Galaxy of Heroes lasts 37 years


Erik Larsen, studio manager of Electronic Arts subsidiary Capital Games, says he wants the studio’s flagship title Star Wars: Galaxy of Heroes to last for 37 years.

Why 37? “I honestly have no idea,” he admitted. “Something about it being a prime number?” He said someone tossed out the number in the early days of developing Galaxy of Heroes, and the team at Capital Games has maintained it as a target lifespan for the Star Wars-themed mobile role-playing game. 

Given that the oldest still-running online games are around 28-29 years old (a casual search says Furcadia may be the oldest one?) that’s an ambitious timeline to set, especially in the world of online mobile games. Galaxy of Heroes is celebrating its 10th anniversary this month, meaning it’s outlived a number of other EA-published Star Wars free-to-play games and seen the release of five films, seven live-action series, and about six animated shows. The Star Wars name isn’t always enough to attract players. So what has Capital Games done to survive for so long?

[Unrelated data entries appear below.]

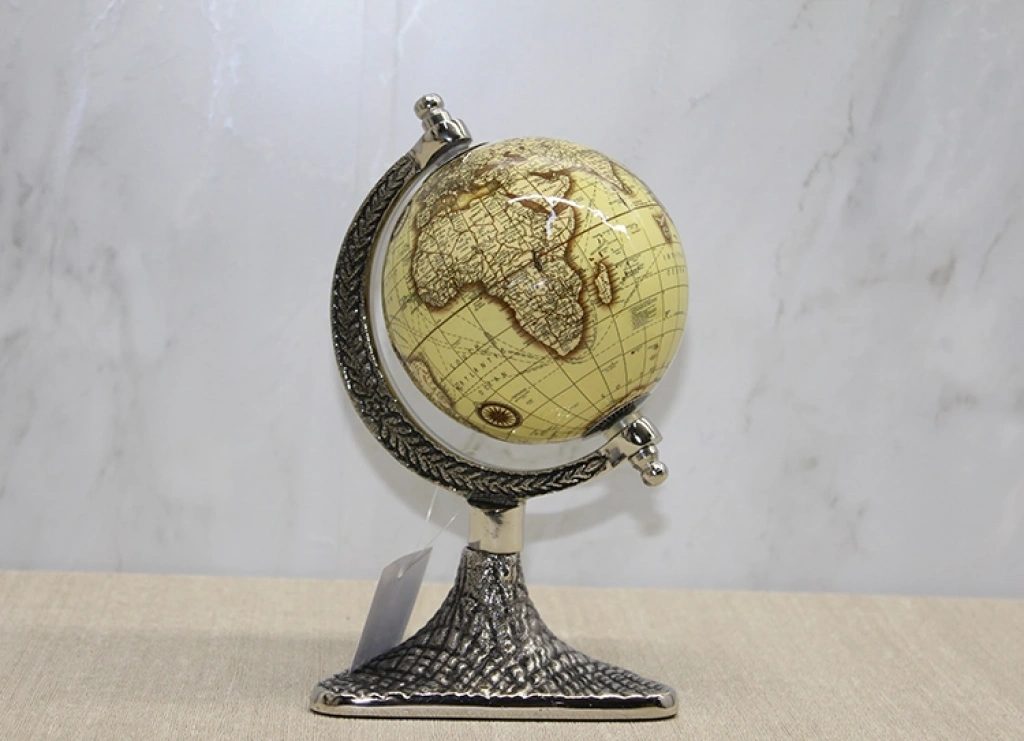 DEKORATİF MASAÜSTÜ DÜNYA KÜRE - MODEL 6Ürün ÖzellikleriDekoratif Masaüstü Dünya Küre - Model 6, klasik sarı tonlu harita tasarımı ve detaylı metal görünümlü ayak yapısıyla bulunduğu ortama zarif ve nostaljik bir hava kazandırır. 24x16 cm ölçüsü sayesinde daha kompakt bir form sunarak dar alanlarda dahi rahatlıkla konumlandırılabilir. Özellikle kitaplık rafları, çalışma masası köşeleri ve ofis sehpası üzerinde şık bir tamamlayıcı olarak kullanılabilir. Antik atlas stilini andıran yüzey tasarımı, dekorasyonda entelektüel bir dokunuş arayanlar için ideal bir seçimdir. masaüstü dünya küre olarak hem dekoratif hem de koleksiyon niteliğinde değerlendirilebilen bu model, klasik detayları seven kullanıcılar için öne çıkar. Gövde kısmındaki sıcak tonlu harita rengi ile altındaki desenli ayak formu uyumlu bir bütünlük oluşturur. Dengeli stand yapısı sayesinde sağlam bir duruş sergileyen dekoratif dünya küresi, ev ve ofis dekorasyonuna karakter katan özel bir aksesuardır.Ürün Teknik Özellikleri Özellik Açıklama Ürün Adı Dekoratif Masaüstü Dünya Küre - Model 6 Boyut 24 x 16 cm Kullanım Türü Masaüstü Tasarım Klasik Sarı Tonlu Atlas Kullanım Alanı Ev, Ofis, Kitaplık Paket İçeriği1 Adet Dekoratif Masaüstü Dünya Küre - Model 6
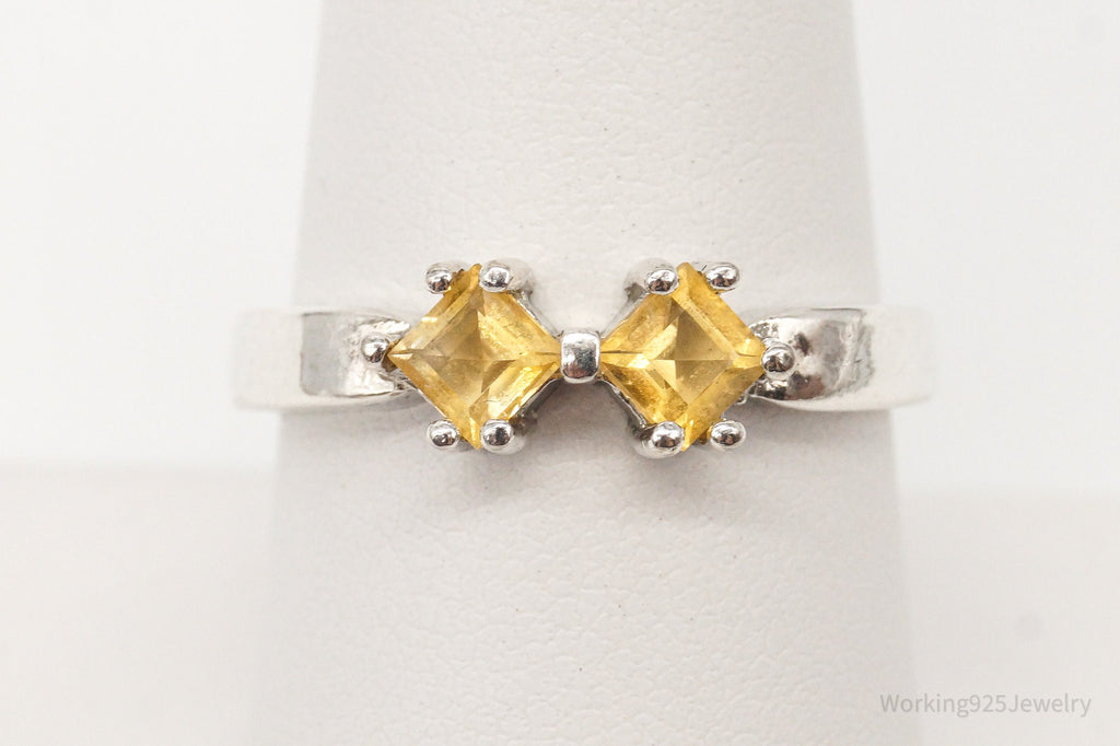 Vintage Double Citrine Sterling Silver Ring - Size 8
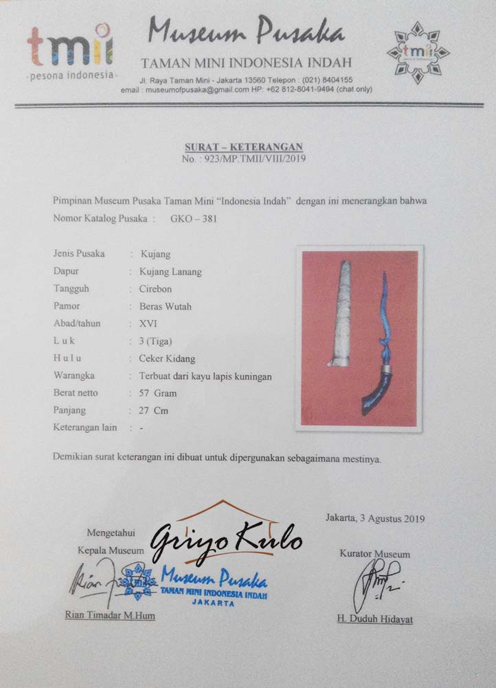 5. Sertifikasi Museum Pusaka No : 923/MP.TMII/VIII/2019
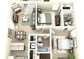 2 beds, 2 baths, 884 sqft
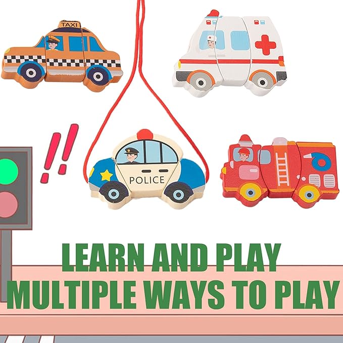 - 【Wooden Puzzles】: Size: 7.1in x 7.1in, Contain: taxi, police car, fire truck, ambulance.
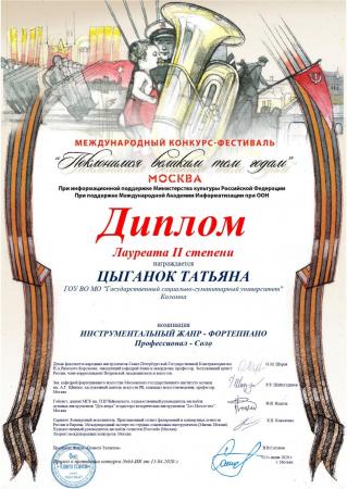 Старший преподаватель кафедры музыки Государственного социально-гуманитарного университета Татьяна Цыганок стала лауреатом II степени в Международном конкурсе-фестивале «Поклонимся великим тем годам».
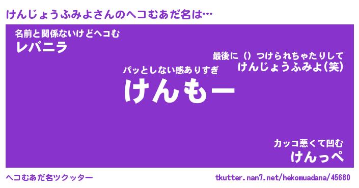 | ヒーロー風カッコイイあだ名 | 『スーパーケンジョウフミヨ』 |
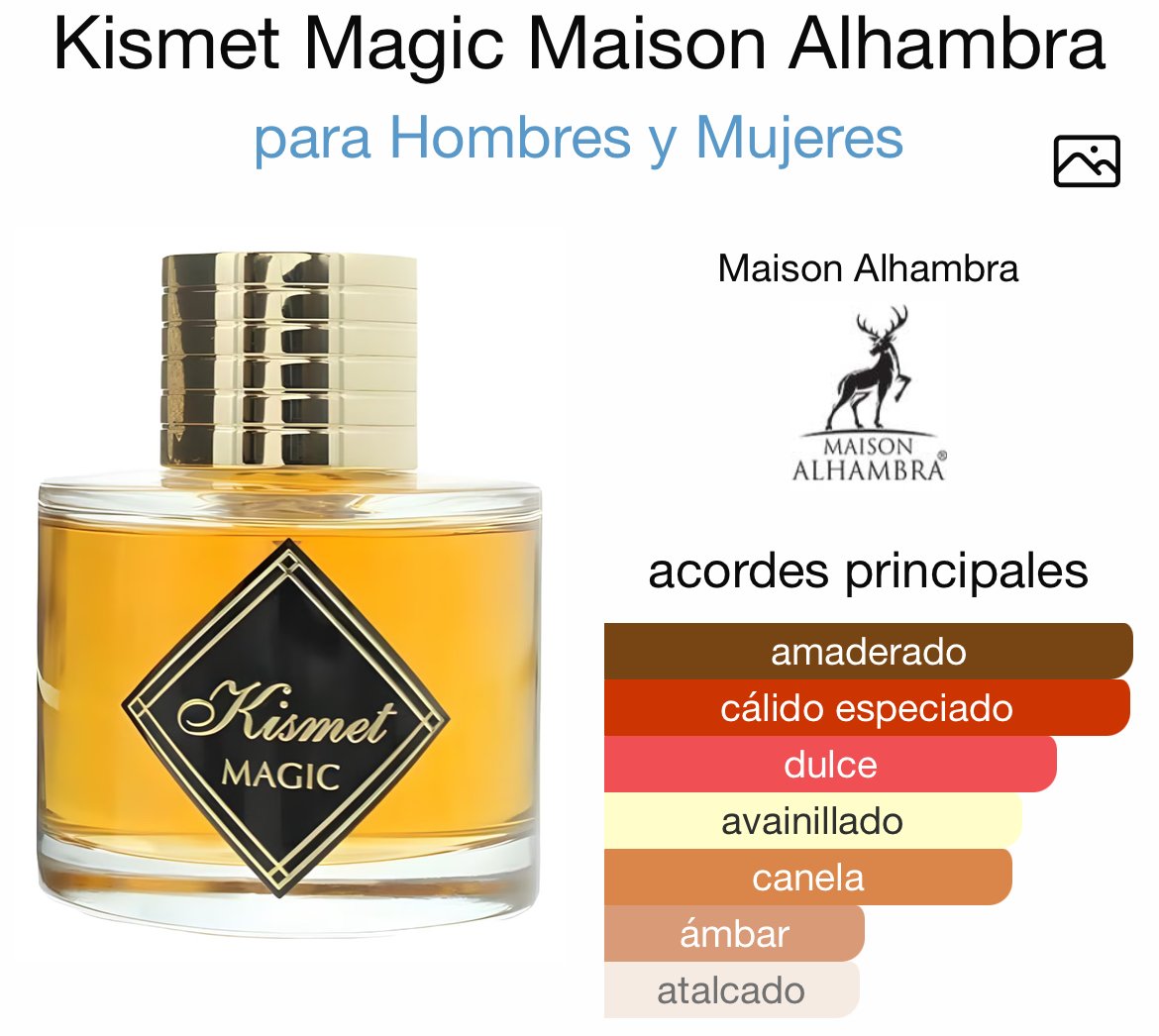 Kismet Magic es una fragancia oriental vainilla unisex intensa, envolvente y absolutamente adictiva, pensada para quienes aman los aromas cálidos y sofisticados.
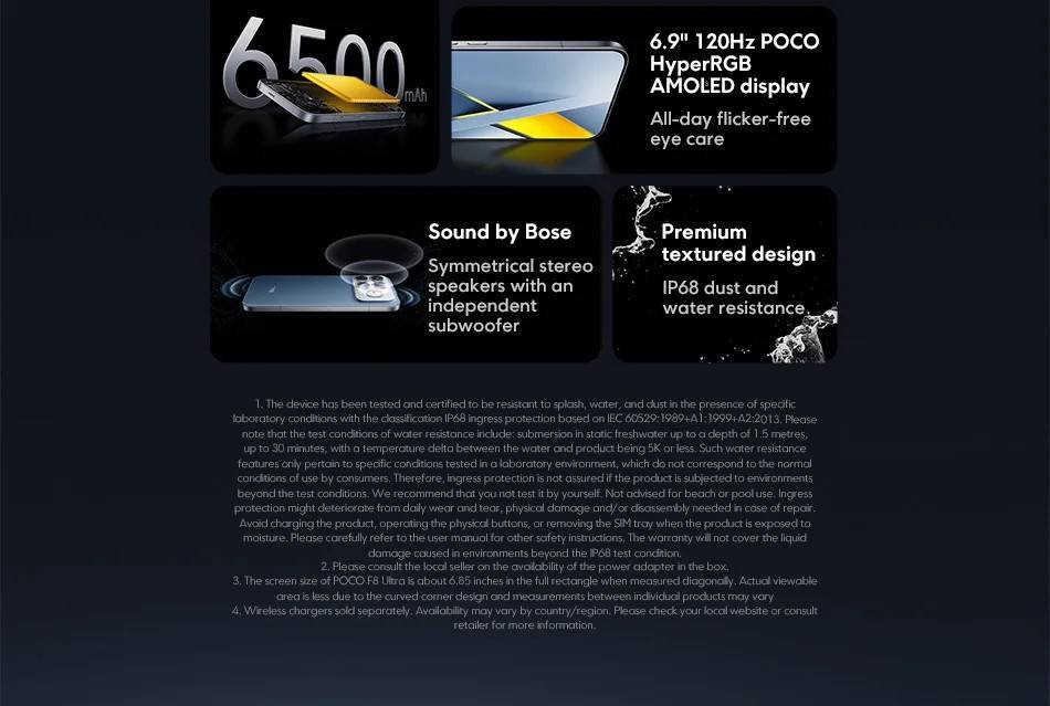 Global Version POCO F8 Ultra CPU -----------Snapdragon® 8 Elite Gen 5 Mobile Platform Screen -------- 6.9" 120Hz ultra-clear AMOLED display

Larsen of course gushed about the Galaxy of Heroes player community and their loyalty for sticking with the game for so long—but if you want some practical takeaways for your live service team, you’ll want to follow him back to 2018, when we were all reeling from backlash to the objectively best (editor’s note: this is not objective but Bryant insisted we keep this) film in the series: Star Wars Episode VII: The Last Jedi…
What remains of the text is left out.